Head-Hopping Is a Sin

There’s one surefire way to put a book on thin ice, and that’s head-hopping. It’s jarring, nonsensical, and calls into question if the author has some bizarre vendetta against scene breaks.

Head-hopping occurs strictly in a limited viewpoint (i.e. not omniscient, so when we’re experiencing a single character’s thoughts/feelings/perceptions for a given scene or chapter). A limited viewpoint focuses on one point of view at a time. Head-hopping suddenly shifts that POV to another character in the same scene, usually between paragraphs, but sometimes in the same paragraph! Here’s an example:

Stacy loved eating soup. Loved how it warmed her mouth with every bite. Loved how the saltiness dried her tongue. Eating soup with her boss was another story. Every time she lifted her spoon to her lips, his curious eyes gave her pause. Was she eating too fast? Too slow?

“Is something wrong?” she asked.

Tom smiled. “Not at all.”

Sally eased a spoonful of broth into her mouth. She closed her eyes, escaping Tom's gaze to indulge in the savory flavors.

Tom looked down, sneaking in a bite of his sandwich. It felt too creepy to watch her with her eyes closed. There was this majestic quality to the way she ate soup. It put her beyond approach, transforming her from a mere data analyst into a princess. His stomach fluttered with romantic feelings he never felt at the office. He was soupstruck.

We start the scene in Stacy’s head, experiencing the world through her. In the last paragraph, we shift to Tom. If we finish the rest of the scene in Stacy’s head, we will have head-hopped into Tom and back out to Stacy. (Arguably, one could use Stacy’s eye closing as a creative device to signal POV shifts, but let’s not get overly complicated). Now, you may ask: what’s the difference between head-hopping and an omniscient point of view?

Voice. I didn’t have a lot of time to build unique voices for Tom or Sally above, but the longer the story goes, the more unique their voices read (ideally).

Omniscient is more neutral. Indirect dialogue is less pronounced or non-existent. We hear the thoughts of all the characters, see what they see, etc. but it’s presented with a neutral narration (barring a narrator who serves as an additional character). Head-hopping occurs when the writer flips back and forth between characters with unique, detailed voices without clean scene/chapter breaks. This creates the following four issues:

  1. The longer we stay inside one person’s head, the more jarring it is when we’re ripped from their viewpoint and thrust into another body/mind. Well-written prose eases us into how individuals view and respond to the world. It’s one of the things that makes books special compared to other storytelling mediums. The more times we’re ripped out of a person’s head, the less we’ll commit to immersing ourselves in the future.
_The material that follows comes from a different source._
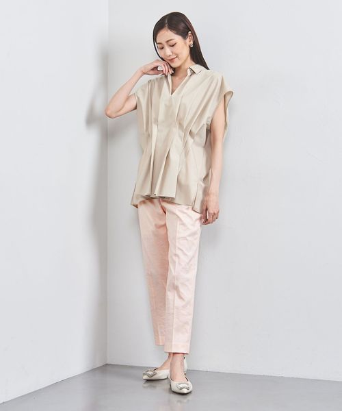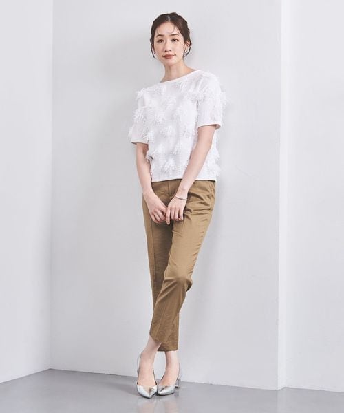 ベルトレスのややハイウエスト設定で、すっきりとしたウエスト周りが特徴のひとつ。

A person will submerge themselves less and less frequently in an inviting pool of water if it always ends with a shock.
  2. It’s confusing. Is person A telling us what their seeing or doing through their internal dialogue, or is it person B? The more often these switches happen, the higher the chance of confusion. Good writing is clear.
  3. Key opportunities are lost to build tension and character. If we’re only privy to Sally’s side, we may believe Tom doesn’t like her. The writer may later hint that Tom is developing feelings for her. As we’re seeing this through her eyes (but are still unsure of what’s going on with Tom), we get a feel for her thought process. We get to experience the uncertainty of her life, because we too don’t know the answer either. Further, this dynamic can create an opportunity for comedy given how differently Tom acts when Sally eats soup, whereas in the office he is a consummate professional, never thinking about crossing work boundaries. Much of this goes away when the reader has been spoiled with the answer.
  4. The story’s pacing can suffer. Keeping in-depth tabs on multiple characters in a single scene blows up its length. Instead of one person commenting/dwelling on an event, now there are two or three. “Good” head-hopping tends to limit this by picking a character for who the event is most relevant, but contextualizing every character’s thought process properly necessitates some overlap. Remember, good writing is concise. Head-hopping is the antithesis of brevity.

Note that the first two are negatives, whereas the last two are opportunity costs. Even if a writer manages to weave between multiple characters’ POVs without jarring the reader and preventing confusion, I’d argue it still results in a worse piece of literature. These opportunity costs of tension, character, and pacing are drawbacks that may not immediately point to head-hopping as the culprit, but they’re there.

Head-hopping: don’t do it. It’s an antiquated technique, and I’ll die on the hill that head-hopping is a sin that has no place in modern literature.